Ночной поезд, стр. 10

– У нас нет шампанского.

– Что? Но мы не можем без шампанского! Так принято. А что же у тебя есть?

– Пиво.

– Пиво! Это богохульство. Нам нужно шампанское. Я посмотрю, нельзя ли достать его.

– В этот час? Макс, не делай глупостей.

– Ах… – Он нежно коснулся ее щеки. – Думаю, я, возможно, сумею уговорить хозяина «Белого Орла» расстаться с одной бутылкой. Если только у него есть шампанское…

– Но ведь так поздно!

– Не волнуйся, – прошептал он, направляясь к двери. – Мне просто хочется, чтобы сегодня все было как положено. Мы ведь все-таки не виделись целых два года. А ты пока разведи огонь в камине, хорошо?

В этот час в палате было темно и тихо, больные мирно спали, единственная дежурная сестра сидела в дальнем конце за стеклянной перегородкой. Темная фигура скользнула в другом конце палаты через дверь в коридоре, выходившей на улицу, и застыла в тени.

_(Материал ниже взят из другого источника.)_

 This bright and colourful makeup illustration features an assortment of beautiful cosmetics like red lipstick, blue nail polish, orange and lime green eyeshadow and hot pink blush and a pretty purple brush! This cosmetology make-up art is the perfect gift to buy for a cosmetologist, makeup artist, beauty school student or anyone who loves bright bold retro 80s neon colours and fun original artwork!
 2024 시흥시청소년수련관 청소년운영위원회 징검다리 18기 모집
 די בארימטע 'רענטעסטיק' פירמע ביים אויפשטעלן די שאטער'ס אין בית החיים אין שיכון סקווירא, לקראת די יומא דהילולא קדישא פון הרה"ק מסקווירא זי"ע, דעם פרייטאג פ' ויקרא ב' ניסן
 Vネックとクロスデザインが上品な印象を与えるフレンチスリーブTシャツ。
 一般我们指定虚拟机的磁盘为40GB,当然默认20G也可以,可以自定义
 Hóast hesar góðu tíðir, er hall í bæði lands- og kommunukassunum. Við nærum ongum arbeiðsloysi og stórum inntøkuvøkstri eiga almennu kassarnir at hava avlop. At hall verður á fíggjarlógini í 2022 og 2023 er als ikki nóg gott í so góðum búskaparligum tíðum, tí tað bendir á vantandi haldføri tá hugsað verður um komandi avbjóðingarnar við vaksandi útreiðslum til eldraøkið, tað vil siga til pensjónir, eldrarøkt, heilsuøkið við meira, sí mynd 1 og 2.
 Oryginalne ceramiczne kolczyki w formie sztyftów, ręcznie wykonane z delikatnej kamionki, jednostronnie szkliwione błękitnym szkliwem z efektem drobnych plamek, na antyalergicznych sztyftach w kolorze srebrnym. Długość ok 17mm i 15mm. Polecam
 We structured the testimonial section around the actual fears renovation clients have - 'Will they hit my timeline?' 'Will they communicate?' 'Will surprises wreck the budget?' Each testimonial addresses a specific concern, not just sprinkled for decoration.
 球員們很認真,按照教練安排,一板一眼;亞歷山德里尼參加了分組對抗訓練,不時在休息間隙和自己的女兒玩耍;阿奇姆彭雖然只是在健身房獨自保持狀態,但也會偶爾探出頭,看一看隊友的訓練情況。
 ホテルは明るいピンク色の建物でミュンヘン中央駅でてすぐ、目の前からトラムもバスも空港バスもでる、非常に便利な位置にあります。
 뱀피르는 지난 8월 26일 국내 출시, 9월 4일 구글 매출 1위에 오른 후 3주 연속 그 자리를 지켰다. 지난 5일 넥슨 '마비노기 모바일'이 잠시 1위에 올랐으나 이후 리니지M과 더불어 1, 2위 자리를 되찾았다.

С этого места хорошо просматривались все койки и медсестра, склонившая голову над книгой. Свет доходил сюда от единственной лампочки, горевшей в самом конце этого длинного помещения. Повернув голову влево и вправо, затем осмотрев ряды коек, неизвестный обнаружил перебинтованную голову неподвижно лежавшего цыгана. Темнота и полная тишина служили хорошим прикрытием, так что непрошеный гость легко нашел естественное укрытие.

Держась в тени, он смог быстро и бесшумно пройти мимо других больных прямо к койке цыгана.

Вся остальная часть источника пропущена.